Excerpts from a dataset
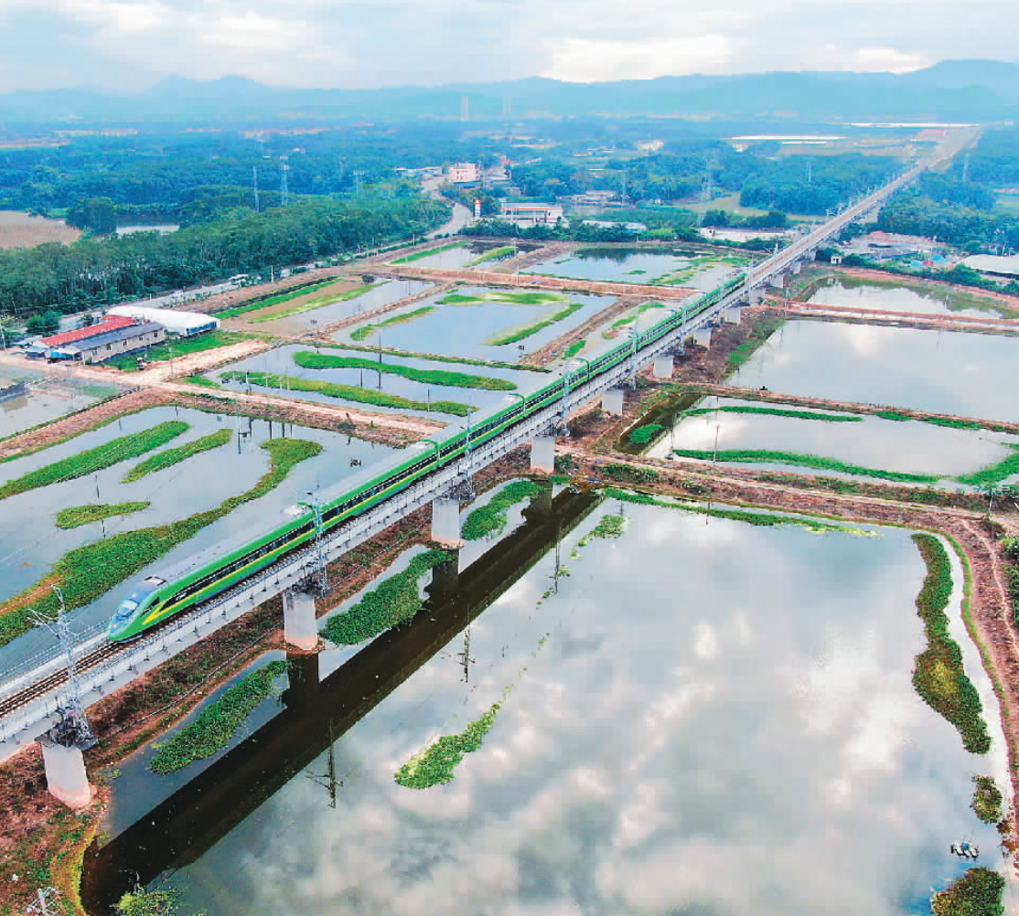 “復(fù)興號”列車行駛在云南省景洪市境內(nèi)的中老鐵路橄欖壩特大橋上。
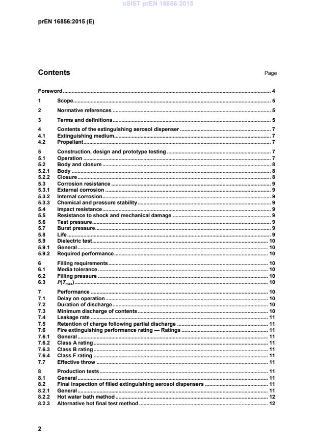 This draft standard is aligned with Directive 75/324/EEC (aerosol dispensers) and defines minimum performance criteria for extinguishing test fires of classes defined in EN 2: combinations of A, B and F. The products covered are not intended for gas (class C) or metal (class D) fires and are not a replacement for full EN 3 compliant portable fire extinguishers.
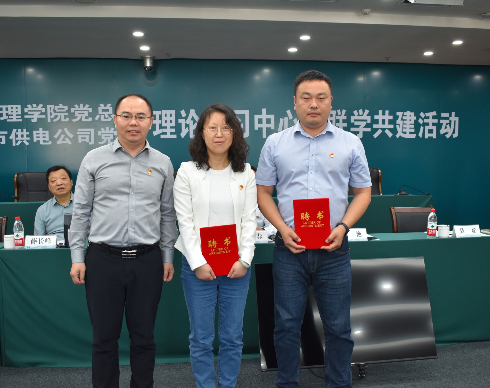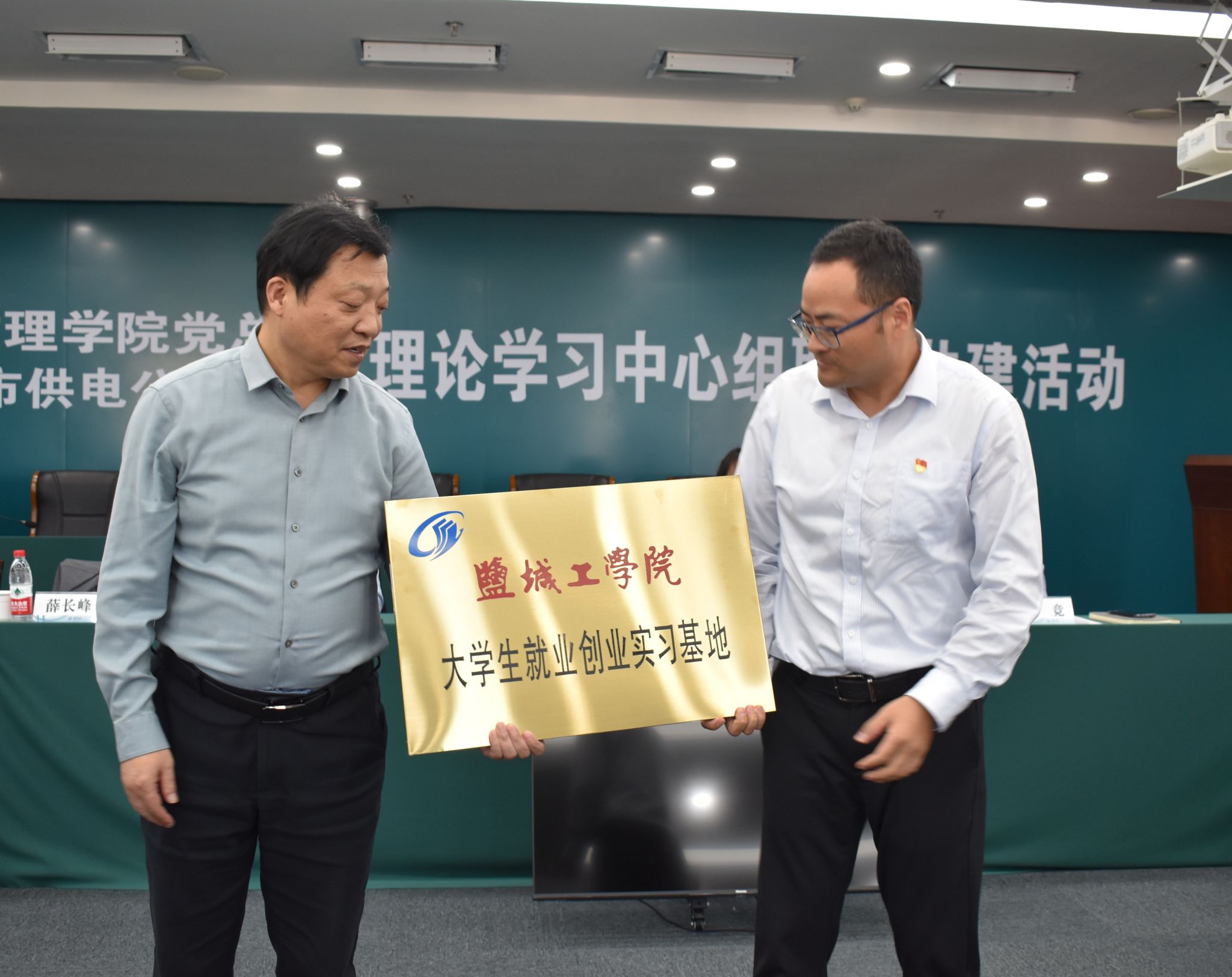 会上,经理薛长峰教授向公司党委书记谢红春授受PA视讯官方网站老员工就业创业实习基地铜牌;党总支书记魏伟华代表公司,向企业管理(技术)骨干李艳、吴竞颁发兼职导师聘书。
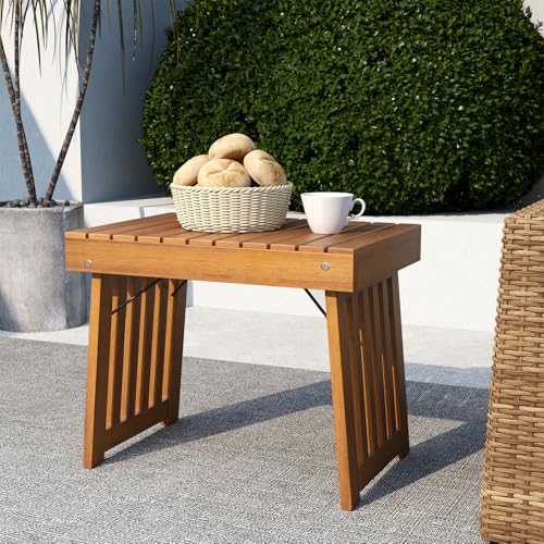 - [Natural Acacia Wood]: Crafted from solid acacia wood, known for its excellent sturdiness and crack resistance, this outdoor end table promises long-lasting use. Plus, the reinforced metal structure and strong screw connection make it ultra stable, weighting up to 180 lbs. Wax oil is recommended for maintaining the surface of the wood.
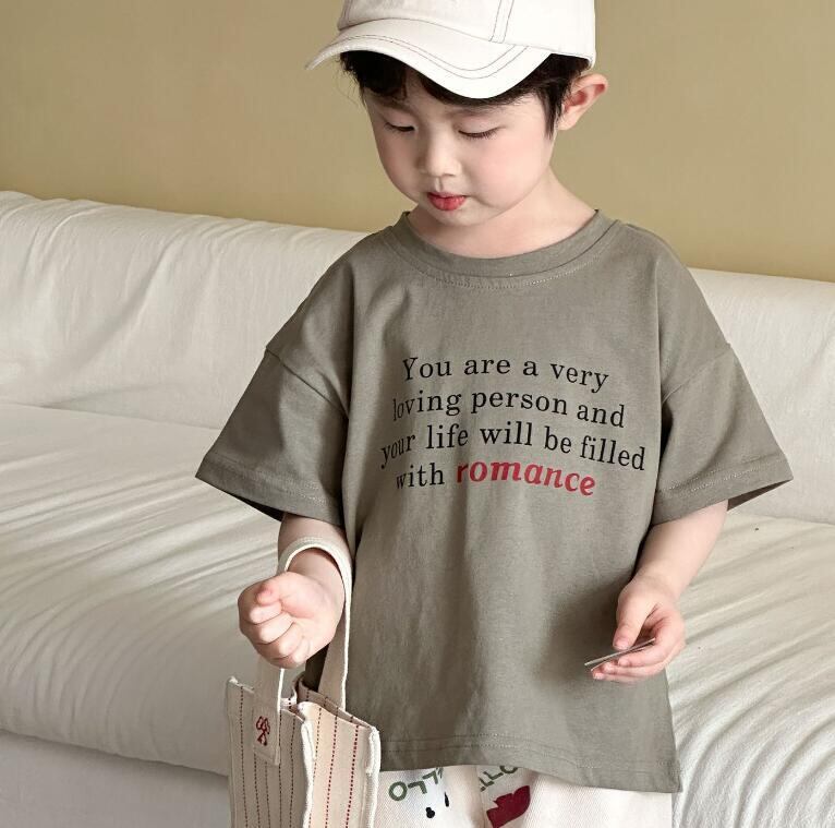 (#子供服 #クルーネック #可愛い #英字 #Tシャツ #半袖 #夏服 #Tシャツ #可愛い #登園着 #カジュアル #トップス #柔らか #半袖Tシャツ)WA12064
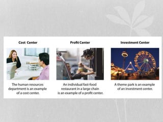 Responsibility accounting is an accounting method that links costs to individuals responsible for their control rather than products or functions. It employs principles such as clearly defined organizational structure, monthly performance reporting, and individual accountability, allowing managers to focus on exceptions and key issues. The implementation process involves identifying responsibility centers, defining responsibilities, and preparing performance reports while distinguishing controllable and non-controllable costs.
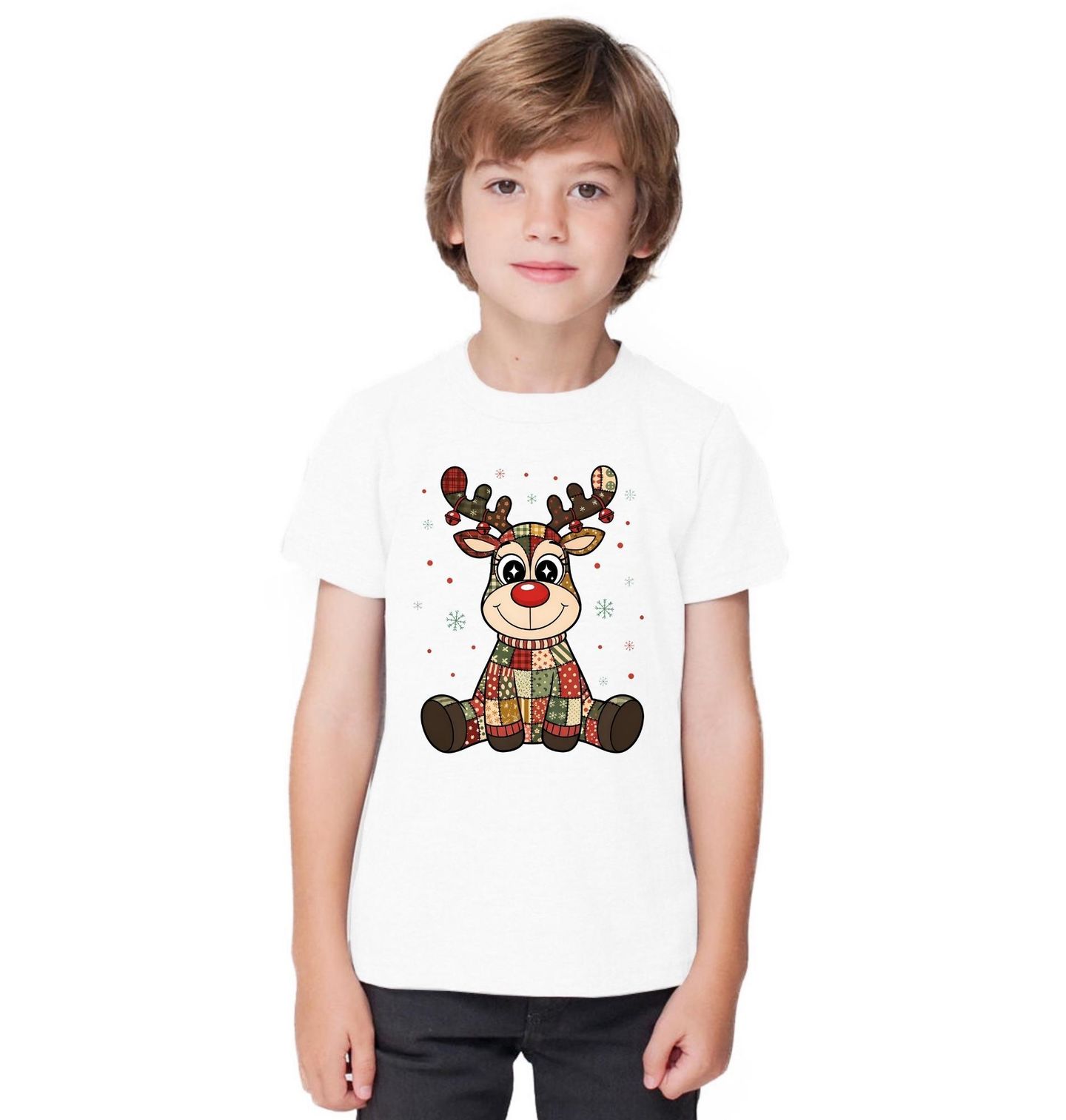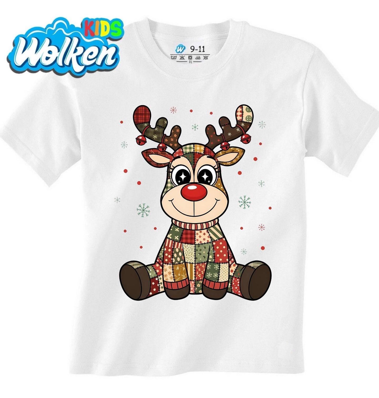 Dětské tričko Zaplátovaný Vánoční Sobík. Vánoce bez soba? Nemyslitelné! Tento rozkošný motiv veselého soba v patchworkovém svetru přináší tu pravou sváteční náladu s dávkou roztomilosti. Ideální pro děti i dospělé, kteří milují originální a vtipné vánoční motivy.
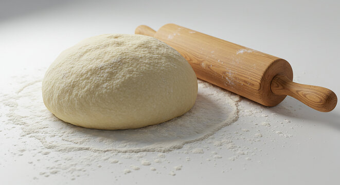 Classic wooden rolling pin with freshly prepared dough and dusting of flour on white background
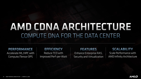 根据介绍,CDNA架构会专注于计算/张量操作性能,从而加速机器学习、高性能计算,而且可以通过Infinity Fabric互连总线灵活设计性能,并支持增强的企业级RAS特性、安全、虚拟化技术。
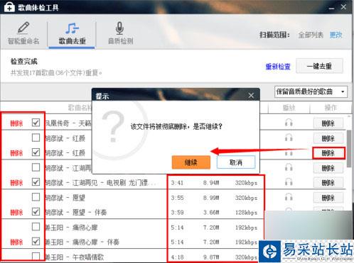 很快,在下方就會出現重復的音樂文件的信息,我們可以逐一的進行篩選刪除,保留自己喜歡的版本。

- [Assignment]: Print out every record above exactly as given. Do not include the pictures.

- [Answer space]:
 “復(fù)興號”列車行駛在云南省景洪市境內(nèi)的中老鐵路橄欖壩特大橋上。
 This draft standard is aligned with Directive 75/324/EEC (aerosol dispensers) and defines minimum performance criteria for extinguishing test fires of classes defined in EN 2: combinations of A, B and F. The products covered are not intended for gas (class C) or metal (class D) fires and are not a replacement for full EN 3 compliant portable fire extinguishers.
 会上,经理薛长峰教授向公司党委书记谢红春授受PA视讯官方网站老员工就业创业实习基地铜牌;党总支书记魏伟华代表公司,向企业管理(技术)骨干李艳、吴竞颁发兼职导师聘书。
 - [Natural Acacia Wood]: Crafted from solid acacia wood, known for its excellent sturdiness and crack resistance, this outdoor end table promises long-lasting use. Plus, the reinforced metal structure and strong screw connection make it ultra stable, weighting up to 180 lbs. Wax oil is recommended for maintaining the surface of the wood.
 (#子供服 #クルーネック #可愛い #英字 #Tシャツ #半袖 #夏服 #Tシャツ #可愛い #登園着 #カジュアル #トップス #柔らか #半袖Tシャツ)WA12064
 Responsibility accounting is an accounting method that links costs to individuals responsible for their control rather than products or functions. It employs principles such as clearly defined organizational structure, monthly performance reporting, and individual accountability, allowing managers to focus on exceptions and key issues. The implementation process involves identifying responsibility centers, defining responsibilities, and preparing performance reports while distinguishing controllable and non-controllable costs.
 Dětské tričko Zaplátovaný Vánoční Sobík. Vánoce bez soba? Nemyslitelné! Tento rozkošný motiv veselého soba v patchworkovém svetru přináší tu pravou sváteční náladu s dávkou roztomilosti. Ideální pro děti i dospělé, kteří milují originální a vtipné vánoční motivy.
 Classic wooden rolling pin with freshly prepared dough and dusting of flour on white background
 根据介绍,CDNA架构会专注于计算/张量操作性能,从而加速机器学习、高性能计算,而且可以通过Infinity Fabric互连总线灵活设计性能,并支持增强的企业级RAS特性、安全、虚拟化技术。
 很快,在下方就會出現重復的音樂文件的信息,我們可以逐一的進行篩選刪除,保留自己喜歡的版本。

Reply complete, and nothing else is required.